Consequently, IPOB, maintained that the court “has the inherent powers to set aside its orders when either granted without jurisdiction or granted in error”.

It said the Order was unconstitutional, as it was made in clear violation of the constitutionally guaranteed right of the Indigenous People of Biafra to self determination; Article 20(1) of the Africa Charter on Human & Peoples Rights, now domesticated into our Law under (Ratification and Enforcement Act) (Cap 10) Laws of the Federation of Nigeria 1990; Right to fair hearing, Right to freedoms of expression, and the press and Rights to peaceful Assembly and Association; clearly provided for under Sections 36, 39 and 40 of the 1999 Constitution of the Federal Republic of Nigeria as (Amended) 2011.

It was IPOB’s contention that a declaratory order could not be made pursuant to an Ex-parte application, without hearing from the party against whom the order was made.

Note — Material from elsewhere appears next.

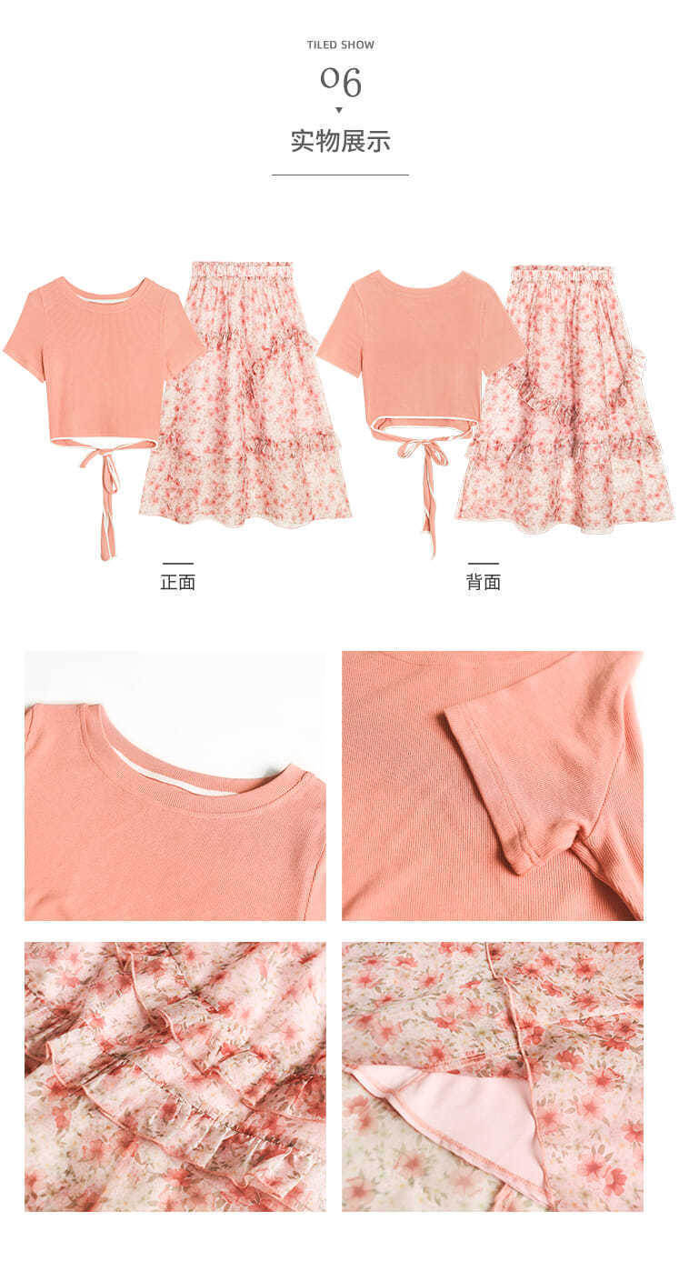 싱글/세트 코튼 핑크 연령 감소 세트 여성 여름 한국식 티셔츠 플로럴 스커트 유행 투피스 세트

In a 40-paragraphed affidavit deposed to by one Prince Mandela Umegborogu, IPOB, told the court that its members are lawful and non-violent socio-ethnic pressure group, largely made up of Indigenous People of Igbo extraction, and of Igbo neighboring states of Biafra region/origin.

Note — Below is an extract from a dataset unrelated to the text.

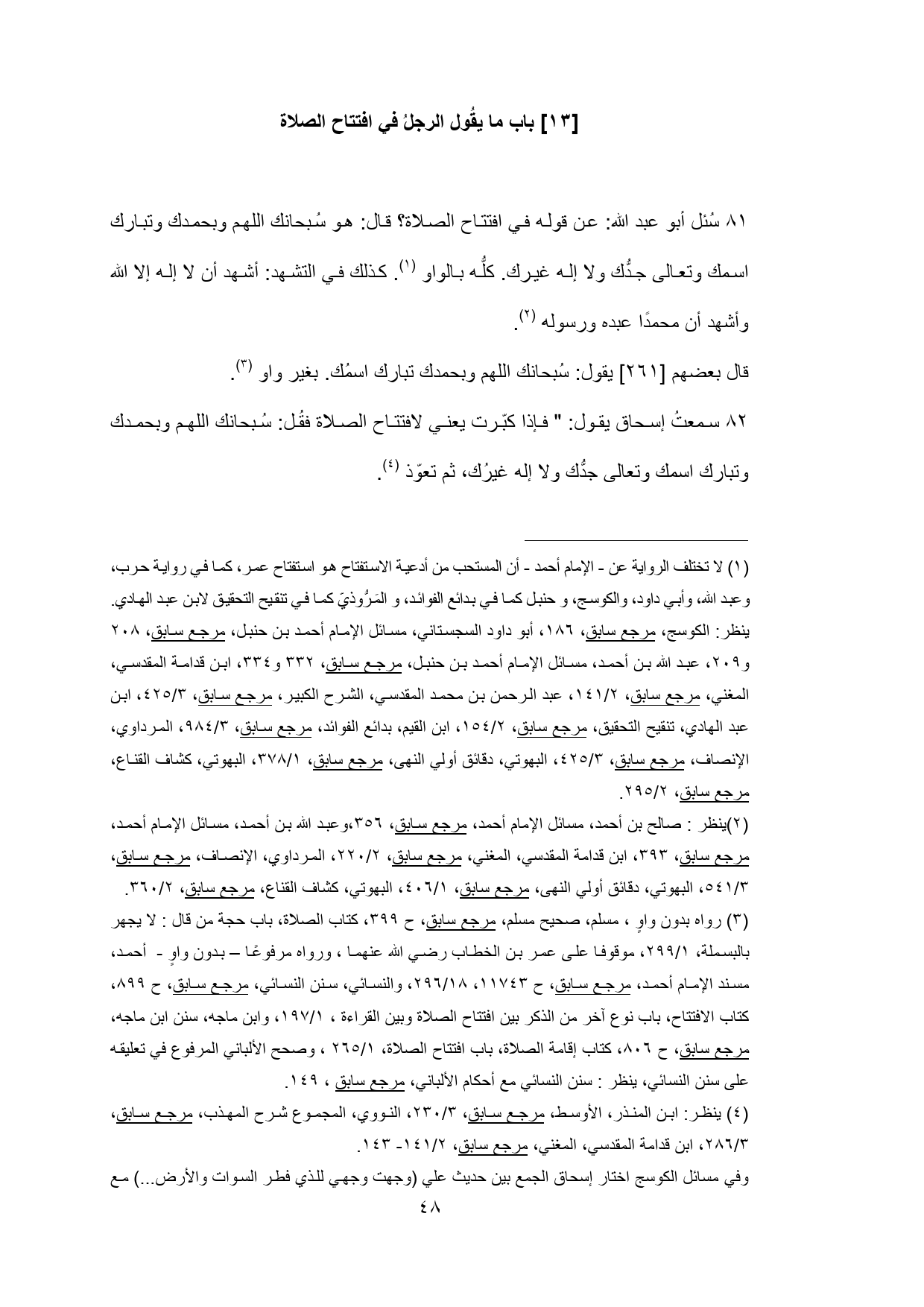 81 - سُئل أبو عبد الله: عن قوله في افتتاح الصلاة؟ قال: هو سُبحانك اللهم وبحمدك وتبارك اسمك وتعالى جدُّك ولا إله غيرك. كلُّه بالواو (¬1). كذلك في التشهد: أشهد أن لا إله إلا الله وأشهد أن محمدًا عبده ورسوله (¬2).

“That as Indigenous People of the Igbo speaking states, and neighboring states of Biafran origin, they are a Community of individuals, and not registered as a registered as a legal entity.

“That the Respondent are merely a community of Indigenous People exercising their constitutionally guarantee right to self determination freedom of expression, peaceful assembly and association”.

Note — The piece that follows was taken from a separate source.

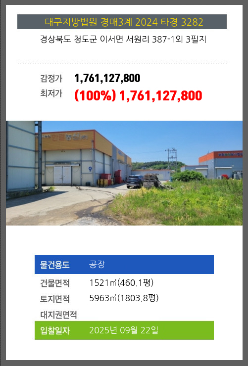 | 용도 | 공장 | 채권자 | 청**외1명 | 감정가 | 1,761,127,800 |

It further told the court that the South Eastern States of the Country, largely made up of Anambra, Enugu, Imo, Abia and Ebony, have no history of violent crime, in recent times, before the soldiers were deployed to the South East on the Operation Python Dance.

“That Police Authority has been in effective policing of the entire South Eastern States”.

IPOB told the court that it is registered across many countries of the world, saying its activities have always been in conformity with the International Covenants and laws.

It said that its members do not pose any threat to any country, adding that recently, its members residing in the United Kingdom and United States of America were granted permission to protest within a designated place in the ongoing United Nations Conference.

IPOB also told the court that pictures (photographs) and video footages the AGF attached in the affidavit he used to secure the ex-parte order, “were all concocted and video/photo shopped to make it appear real, and do not represent the true images/impression of the Respondent/Applicant’s members”.